(Excerpts from a dataset)

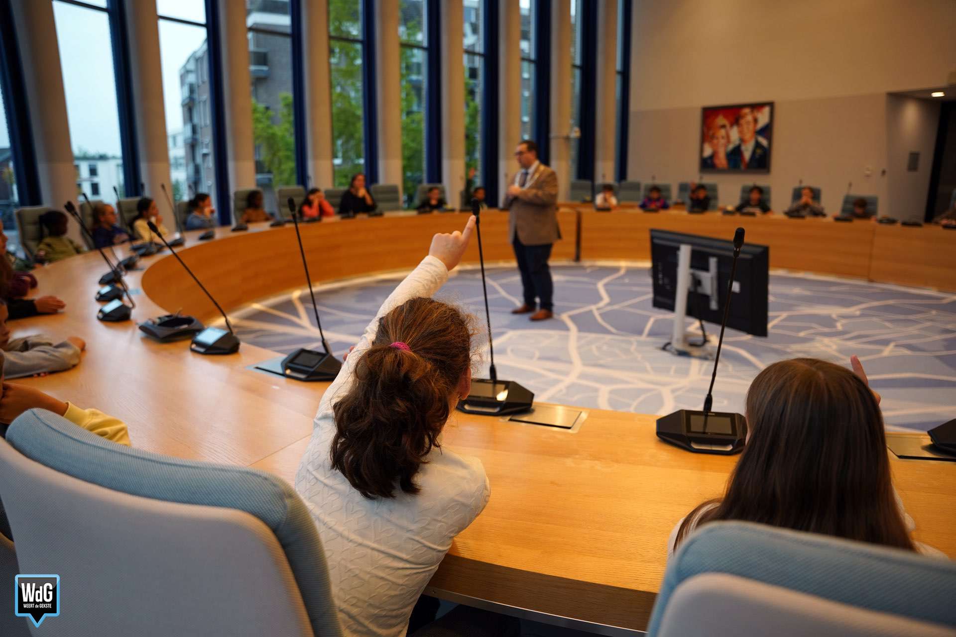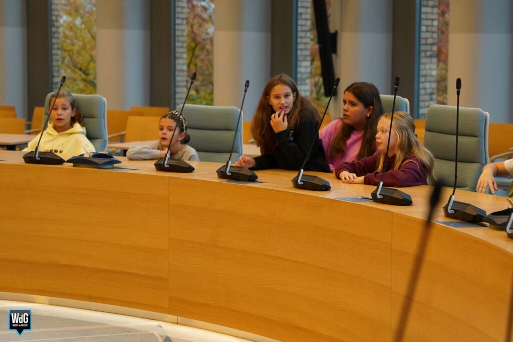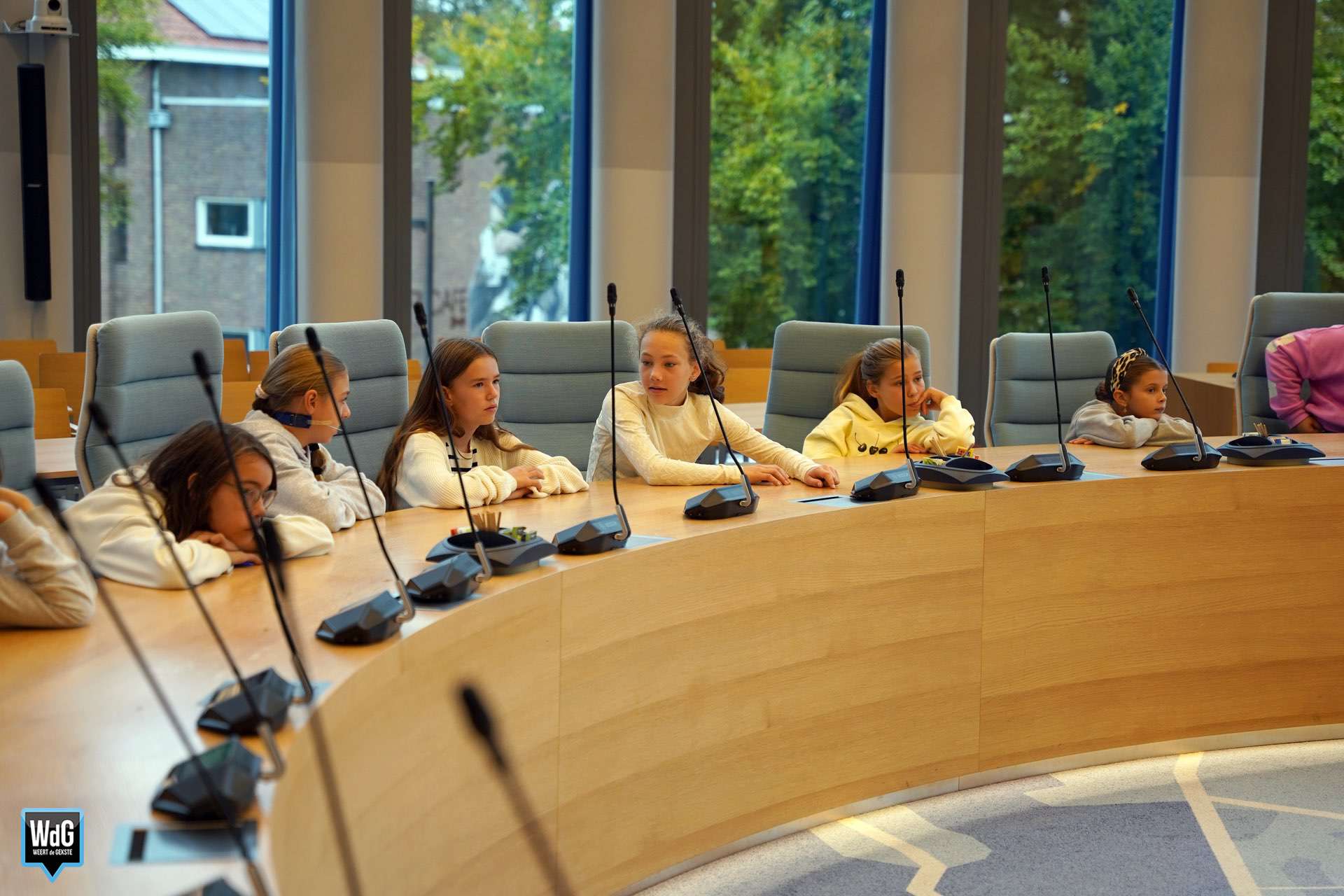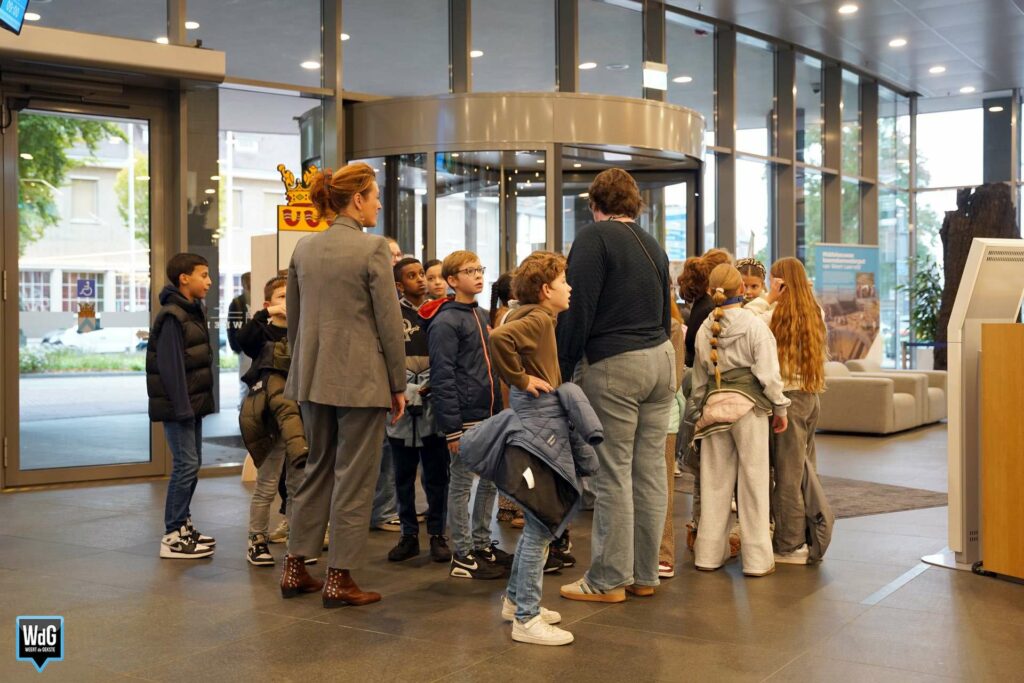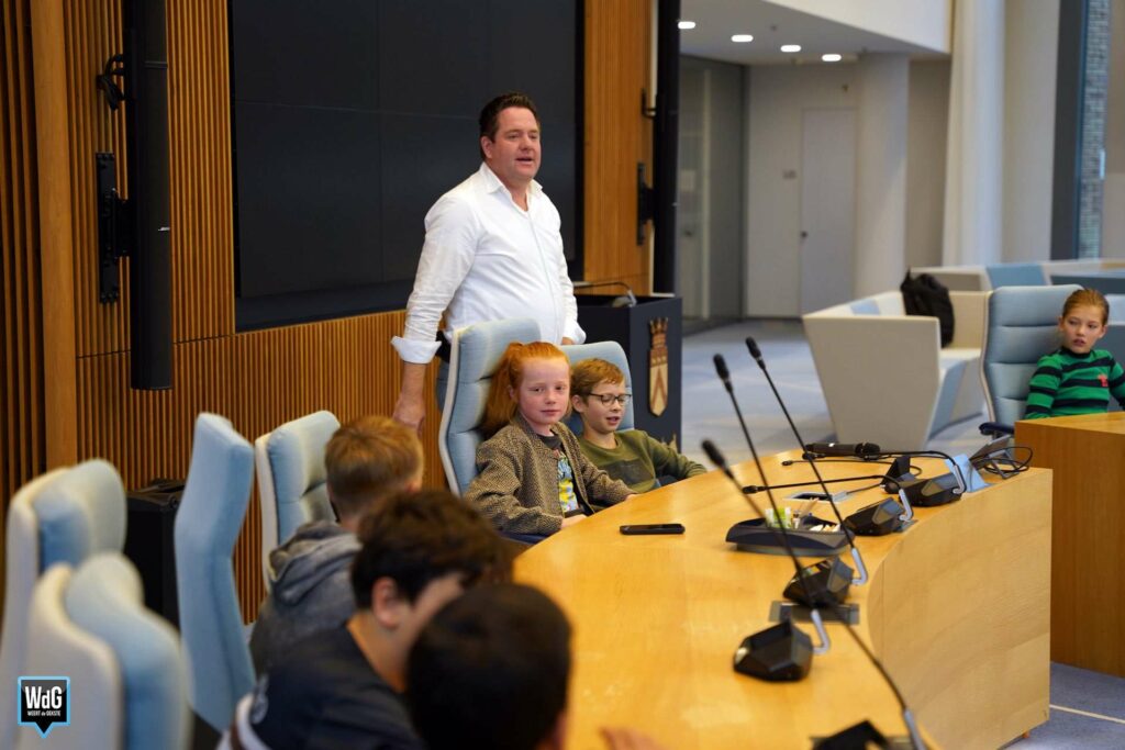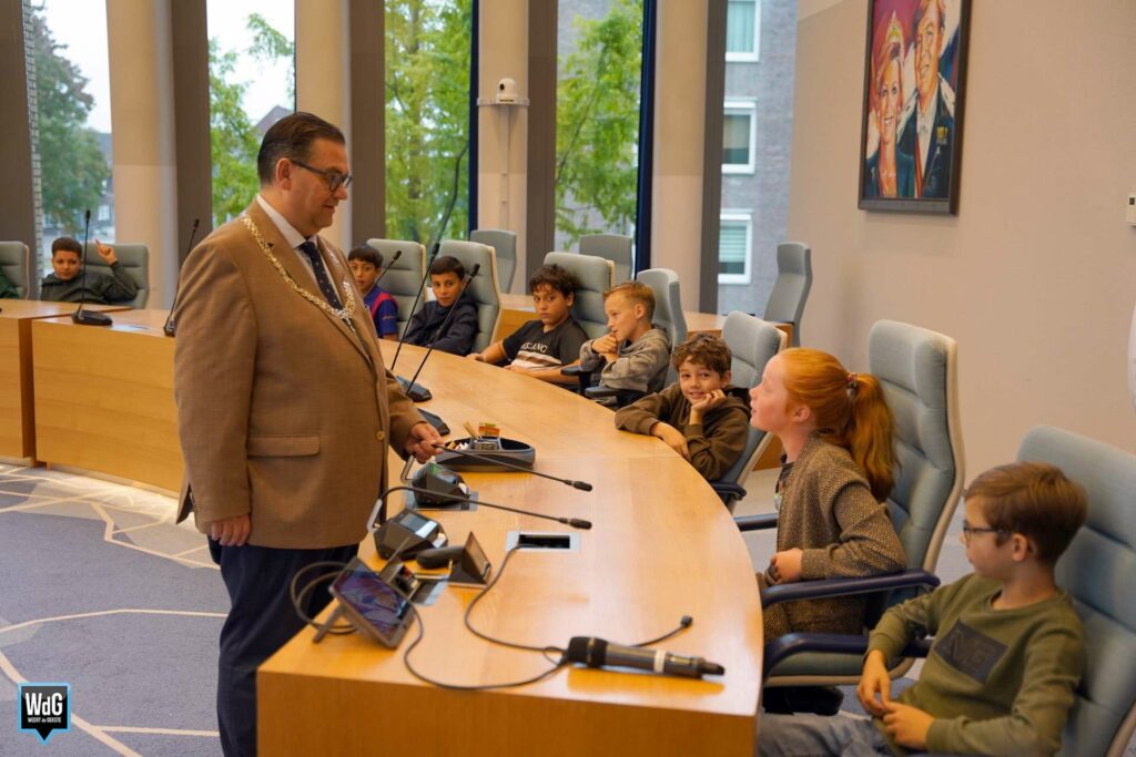 De leerlingen werden om 09.00 uur ontvangen in de raadszaal, waar ze eerst wat uitleg kregen over de gemeente. De burgemeester vertelde de leerlingen over zijn eigen loopbaan en verzekerde hen ervan dat ze het met de juiste instelling heel ver zouden kunnen schoppen.
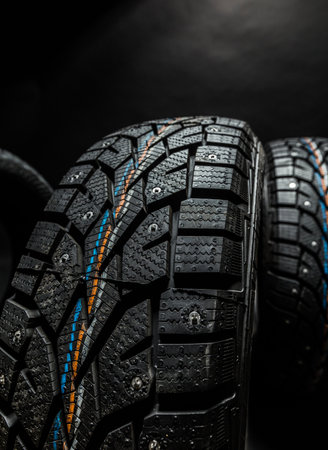 Winter tires with spikes on a black background close-up, safety during winter driving, winter tire protector, winter studded rubbe
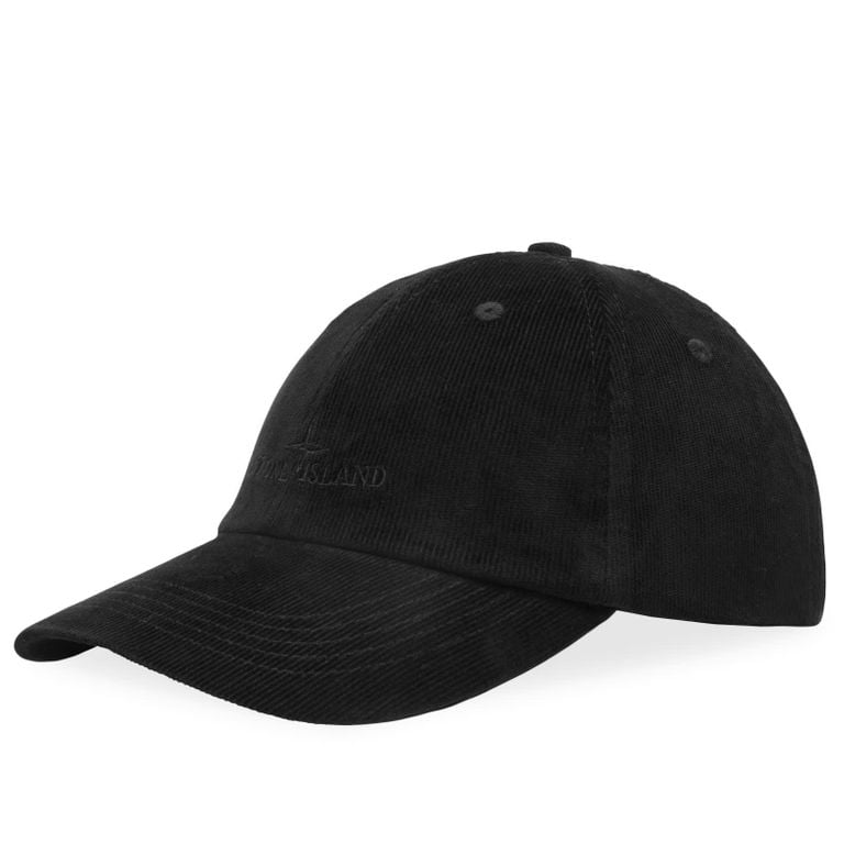 Men's Stone Island Corduroy Cap - Black - Hats Cut from micro-corduroy cotton, this cap from Stone Island is a real staple. Detailed with a tonal embroidered logo at the face, it’s finished with a curved brim and adjustable back tab for a secure fit...
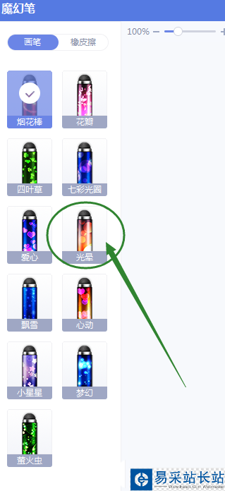 6、在頁面左側的魔幻筆各種模式中,選擇光暈模式。
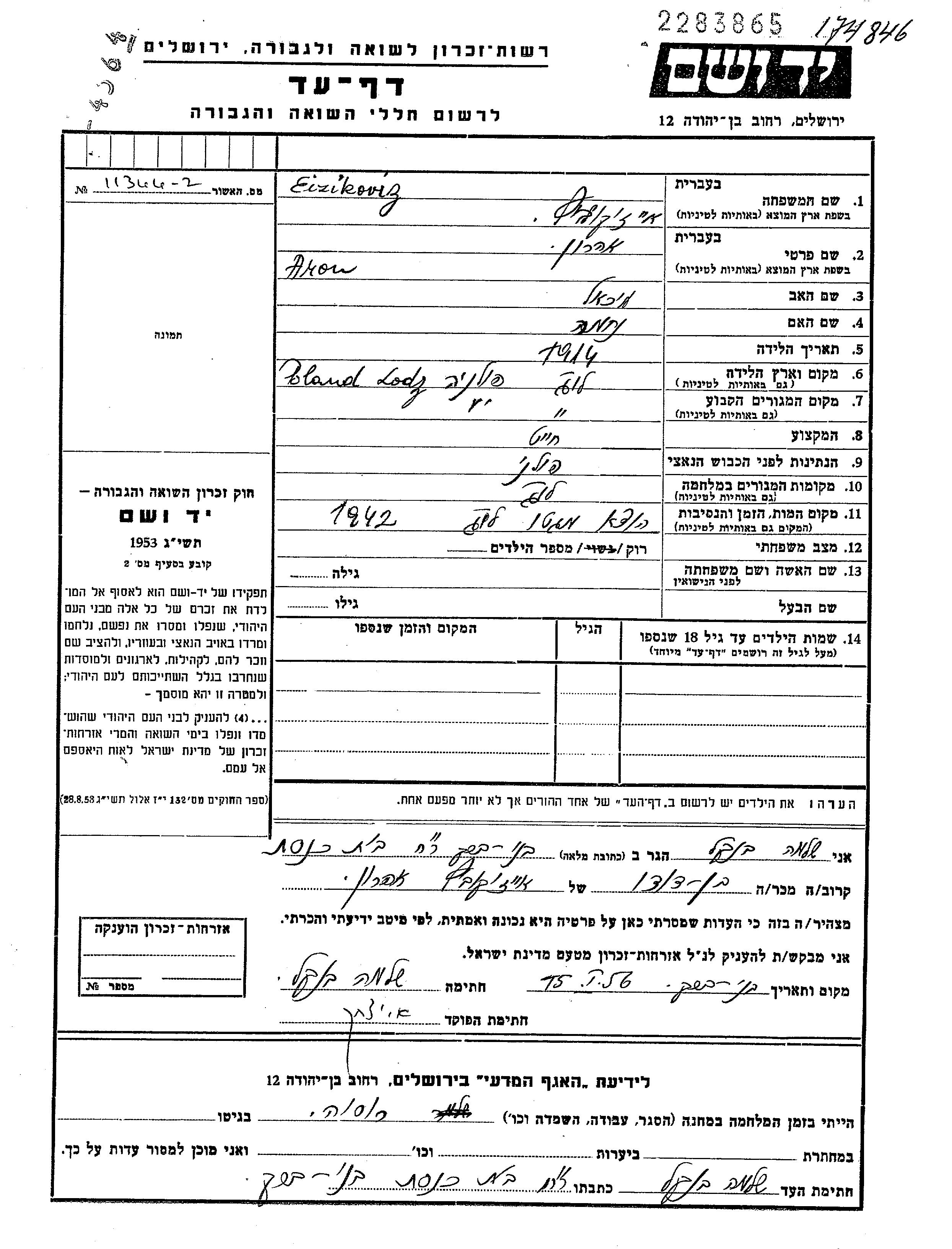Aron Eizikoviz wurde im Jahr 1914 in Lodz, Polen geboren. Vor dem Zweiten Weltkrieg lebte er in Lodz, Polen.
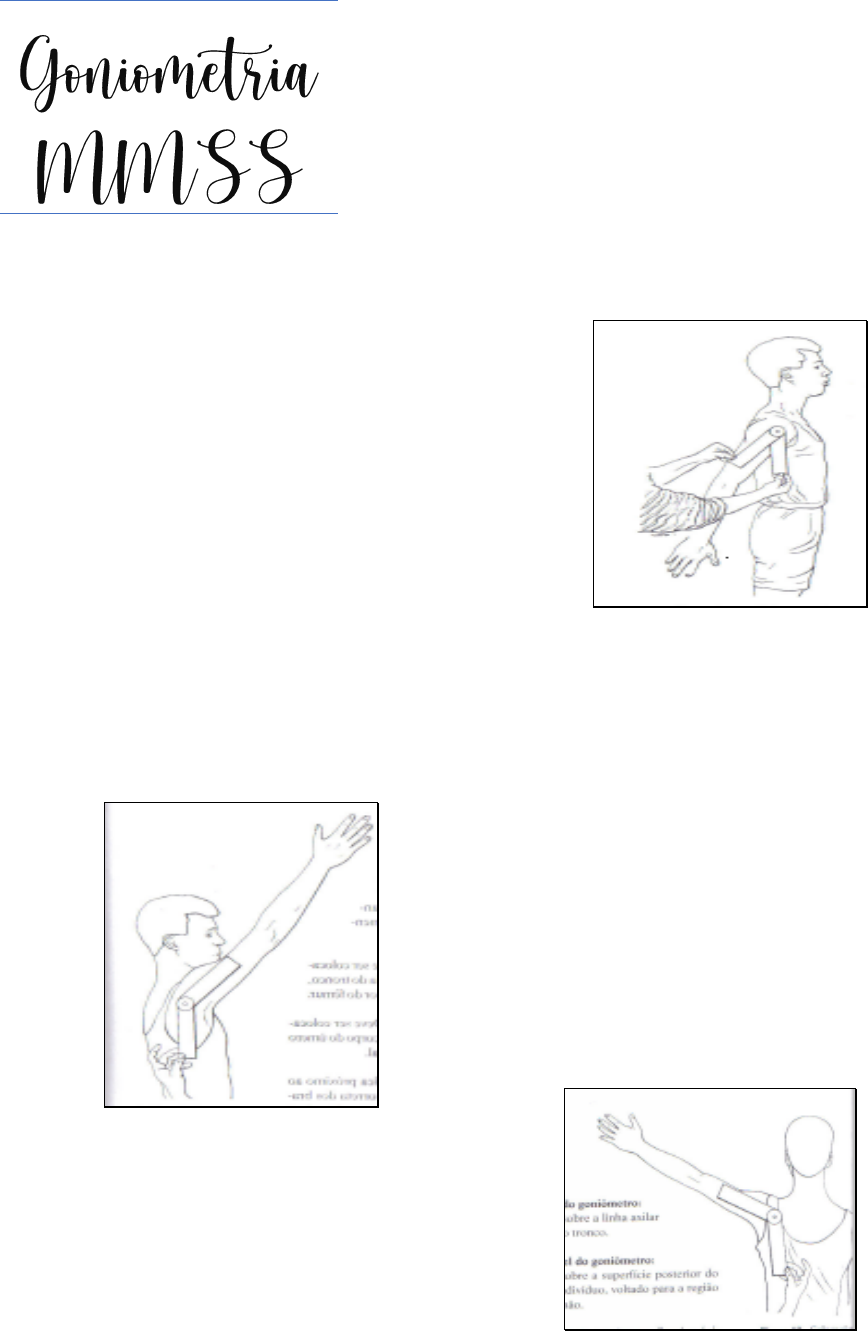 Faila Dantas - Fisioterapia • Ombro: ➢ Flexão • Plano: Plano Sagital • P.P: Sentado ou em pé com os braços ao longo do corpo • Braço fixo: ao longo da linha axilar média do tronco • Braço móvel: sobre a superfície lateral do úmero • Eixo: próximo ao acrômio • Ângulo: 0 a 180º • C.V: leve seu braço para frente ➢ Extensão • P.P: sentado, em pé ou em D.V, com os braços ao longo do corpo • Braço fixo: ao longo da linha axilar média do tronco • Braço móvel: sobre a superfície lateral do úmero • Eixo:eixo látero-lateral da articulação glenoumeral, próximo ao acrômio • Ângulo: 0 a 45º • C.V: leve seu braço para trás ➢ Abdução • P.P: sentado ou em pé, de costas para o terapeuta • Braço Fixo: sobre a linha axilar posterior do tronco • Braço Móvel: sobre a superfície posterior do braço • Eixo: próximo ao acrômio • Ângulo: 0 a 180º • C.V: leve seu braço lateralmente ➢ Adução horizontal • P.P: preferencialmente sentado, mas pode ficar em pé com o cotovelo, punho e dedos estendidos • Braço Fixo: paralelo à linha mediana anterior • Braço Móvel: sobre a superfície lateral do úmero • Eixo: sobre o eixo ântero- posterior da articulação glenoumeral • Ângulo: 0 a 40º • C.V: leve seu braço para frente do corpo ➢ Rotação interna • Plano: Plano Transverso • P.P: D.D com abdução de ombro e flexão de cotovelo a 90º em supinação • Braço fixo: paralelo ao solo • Braço móvel: sobre a região posterior do antebraço (3º dedo) • Eixo: no olécrano • Ângulo: 0 a 90º • C.V: leve seu antebraço para frente ➢ Rotação externa • Plano: Plano Transverso • P.P: D.D com abdução de ombro e flexão de cotovelo a 90º em supinação • Braço fixo: paralelo ao solo • Braço móvel: sobre a região posterior do antebraço (3º dedo) • Eixo: no olécrano • Ângulo: 0 a 90º • C.V: leve seu antebraço para trás • Cotovelo: ➢ Flexão e extensão • Plano: Plano Sagital • P.P: Sentado, em pé ou D.D com os braços ao longo do corpo • Braço fixo: ao longo da superfície lateral do úmero • Braço móvel: sobre a face lateral do rádio • Eixo: no epicôndilo lateral • Ângulo: 0 a 145º/145º a 0º • C.V: dobre seu antebraço ➢ Radio ulnar (prono/supinação) • Plano: Plano Sagital • P.P: Sentado, em pé ou D.D com cotovelo fletido a 90°, antebraço em posição neutra e dedos fletidos • Braço fixo: sobre a superfície dorsal dos metacarpos • Braço móvel: paralelo ao eixo do polegar • Eixo: sobre a articulação metacarpofalângica do dedo médio • Ângulo: 0 a 90º • C.V: gire a palma da mão pra baixo (ou para cima) ➢ Flexão do punho • Plano: Plano Sagital • P.P: Em pé ou sentado com o antebraço em pronação dedos estendidos • Braço fixo: sobre a face medial da ulna • Braço móvel: sobre a superfície medial do 5º metacarpo • Eixo: superfície medial do punho • Ângulo: 0 a 90º • C.V: leve sua mão pra baixo ➢ Extensão do punho • Plano: Plano Sagital • P.P: Em pé ou sentado com o antebraço em pronação dedos estendidos • Braço fixo: sobre a face medial da ulna • Braço móvel: sobre a superfície medial do 5º metacarpo • Eixo: superfície medial do punho • Ângulo: 0 a 70º • C.V: leve sua mão para cima o máximo que puder ➢ Desvio radial • Plano: Plano Frontal • P.P: Em pé ou sentado com o cotovelo fletido e antebraço em posição neutra • Braço fixo: sobre a região posterior do antebraço • Braço móvel: sobre a superfície dorsal do 3º metacarpo • Eixo: sobre a articulação rádiocárpica • Ângulo: 0 a 20º • C.V: leve sua mão pra cima o máximo que puder ➢ Desvio ulnar • Plano: Plano Frontal • P.P: Em pé ou sentado com o cotovelo fletido e antebraço em posição neutra • Braço fixo: sobre a região posterior do antebraço • Braço móvel: sobre a superfície dorsal do 3º metacarpo • Eixo: sobre a articulação rádiocárpica • Ângulo: 0 a 45º • C.V: leve sua mão pra baixo o máximo que puder

Directions for this task: Print exactly, with no pictures, the lines above from the one that holds "Winter tires with" through the one that holds "Aron Eizikoviz wurde", both of them included.

Response to this exercise:
 Winter tires with spikes on a black background close-up, safety during winter driving, winter tire protector, winter studded rubbe
 Men's Stone Island Corduroy Cap - Black - Hats Cut from micro-corduroy cotton, this cap from Stone Island is a real staple. Detailed with a tonal embroidered logo at the face, it’s finished with a curved brim and adjustable back tab for a secure fit...
 6、在頁面左側的魔幻筆各種模式中,選擇光暈模式。
Aron Eizikoviz wurde im Jahr 1914 in Lodz, Polen geboren. Vor dem Zweiten Weltkrieg lebte er in Lodz, Polen.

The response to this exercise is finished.